Here, comparisons are difficult, because some states, like California (22%) and Illinois (33%), offer a far more extensive range of services than, say, Texas (8%). The Lone Star state also benefits because some members of its large Hispanic population are reluctant to sign up for government programs due to citizenship issues.

States with large urban underclasses also tend to have higher Medicaid rolls. That has swelled their spending -- New York's by 28%, Pennsylvania's by 28% and, of course, Illinois' (above). Not surprisingly, to curb the rise in Medicaid costs, states like New York are considering moving away from their current fee-for-service payment systems to managed care.

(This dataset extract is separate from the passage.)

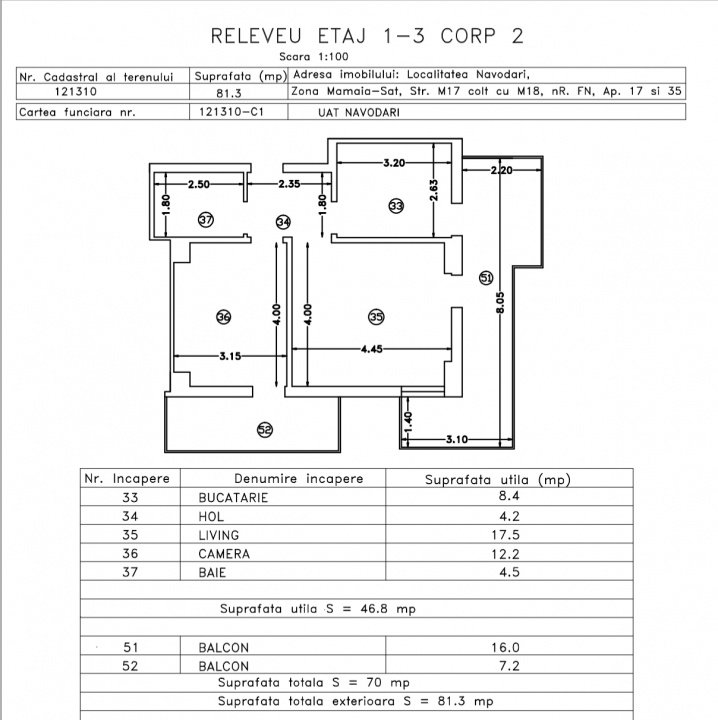 Apartamentul este decomandat, cu bucataria inchisa, mobilat si utilat complet, recent, neutilizat pana in prezent, are o terasă de 22 mp cu vedere spre Lacul Siutghiol și către Mare.

Tax-collection growth is where the rubber meets the road for most states. Many of the stars in this respect are benefiting from rising prices for oil, food and minerals. North Dakota had a 46% jump in first-quarter fiscal 2011 collections, boosted by exploitation of the gas- and oil-rich Bakken shale shelf. Alaska, with its tax take up by 16.7%, likewise benefited from higher oil prices.

Even some Rust Belt states -- Michigan (up 20.9%) and Ohio (up 22%) were helped, in part, by improved manufacturing. But, tax increases were the biggest factor in the improved revenue numbers. Illinois (up 13.7%) raised personal income and corporate levies at the beginning of calendar-year 2011. California, on the other hand, saw a package of emergency tax increases expire at the end of fiscal 2010, and thus realized a paltry 5.7% rise in tax receipts in fiscal 2011's first quarter, and there's little reason to believe that the situation has improved. So the no-longer-so-Golden State could face additional budget shortfalls in the current fiscal year.


Overall, however, tax-supported state debt as a percentage of state gross national product has hardly reached alarming levels. Even states like Connecticut and Hawaii, whose debt exceeds 10% of their gross domestic products, aren't basket cases. Both centralize more functions that local governments do elsewhere, so the figures are a bit deceiving.

The same doesn't hold true for the chronic underfunding problems of state public-employee pension plans. The public-employee pension funding gap accounts for around $660 billion of the aforementioned $1.26 trillion retiree-benefits shortfall tabulated by Pew. And unlike retiree health care, pension benefits are harder to fix.

Particularly shaky are states like Illinois, with only 51% of its pension obligations funded, and California, with 81%. Their dysfunctional state governments, allied with public-employee unions, are seemingly incapable of making needed reforms. Several times in recent years, Illinois has floated bond issues to make its pension contributions, only to find that it paid more in interest on them than it made on its investments.

The last two factors in our tables are the percentage of mortgages in foreclosure or seriously delinquent -- meaning 90 days in arrears -- as of fiscal 2011's first quarter, and the state's unemployment rate.

Florida, Nevada, Arizona and California still have big mortgage problems, stemming from the faux housing boom of the George W. Bush years. That encouraged local governments to wildly expand, using soaring property-tax revenue, and individuals to spend more, by taking out home-equity loans. When the boom ended, the spending did, too, and joblessness soared. Based on June numbers, the states with the worst jobless rates were Florida (10.6%), and Michigan and South Carolina (both 10.5%).

In sum, our tables should provide some clues for muni-bond investors puzzling out where to invest. But the most important factor isn't listed -- a state's willingness to embrace structural change. In that regard, Illinois and California bring up the rear.